3) The linear operation library is adopted to directly convert the dense matrix into a sparse matrix for the convolution calculation of the neural network, and the conversion format is defined as follows:

the Eigen syntax is used to define the dynamic floating point type matrix: and invokes the classforms for sparse conversion. Eigen:: Map < const Eigen:: Matrix < float, Eigen:: Dynamic, Eigen:: RowMajor > > mat _ B (B, mat _ B _ row, mat _ B _ col);

mat_b.sparseView(0.3f)

4) the CNN convolution layer adopts the sparse matrix to carry out convolution operation, so that the operation efficiency is improved, and the CNN convolution layer is one of key points for improving the efficiency of the scheme.

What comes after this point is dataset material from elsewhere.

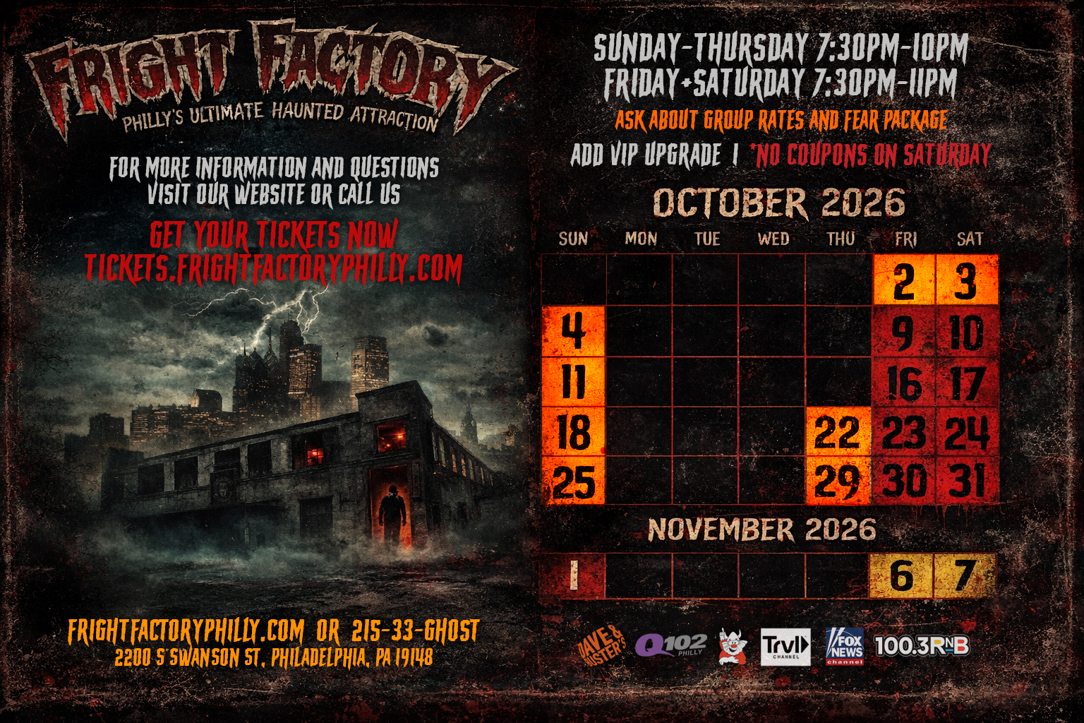 Get ready for the heart-stopping adventure of a lifetime! Philadelphia’s Ultimate Haunted House is waiting to unleash its bone-chilling horrors upon you. Explore the dark depths of a 120+ year old Warehouse transformed into a terrifying labyrinth, where nightmares become reality. Brace yourself as you navigate through the Industrial Nightmare, wander the halls of the South Side Sanatorium, and defy the forces of evil within the Fright Factory UnHoly. Will you make it out alive? Only the bravest souls dare to find out.

The above description is only for the purpose of illustrating the preferred embodiments of the present invention and is not to be construed as limiting the invention, and any modifications, equivalents, improvements and the like that fall within the spirit and principle of the present invention are intended to be included therein.

Claims

1. A face detection optimization method based on a deep convolution cascade network is characterized in that: the method specifically comprises the following steps:

(1) detecting a possibly appearing area of the human face, namely a hot area by using a deep convolution cascade network;

the step (1) comprises the following steps:

(11) a depth convolution cascade network is adopted, and a suspected area of a target is quickly determined by utilizing a first layer of depth convolution network;

(13) comparing the filled human face hot area with the original image to obtain a human face hot area map which is finally sent to a subsequent network;

the step (2) comprises the steps of:

(22) carrying out full-image detection on odd frames, generating a hot area map at the same time, and transmitting the generated hot area map to an even frame processing branch;

(23) the even frame processing branch performs data sparse processing on the hot area map and sends the hot area map into a CNN network for operation;

(3) carrying out data sparse compression on the obtained whole image;

the step (3) comprises the following steps:

(31) performing pixel-wise AND operation on the pyramid image and the corresponding hot area map, and enabling all non-face areas to be 0;

(32) and converting the generated graph into a sparse matrix.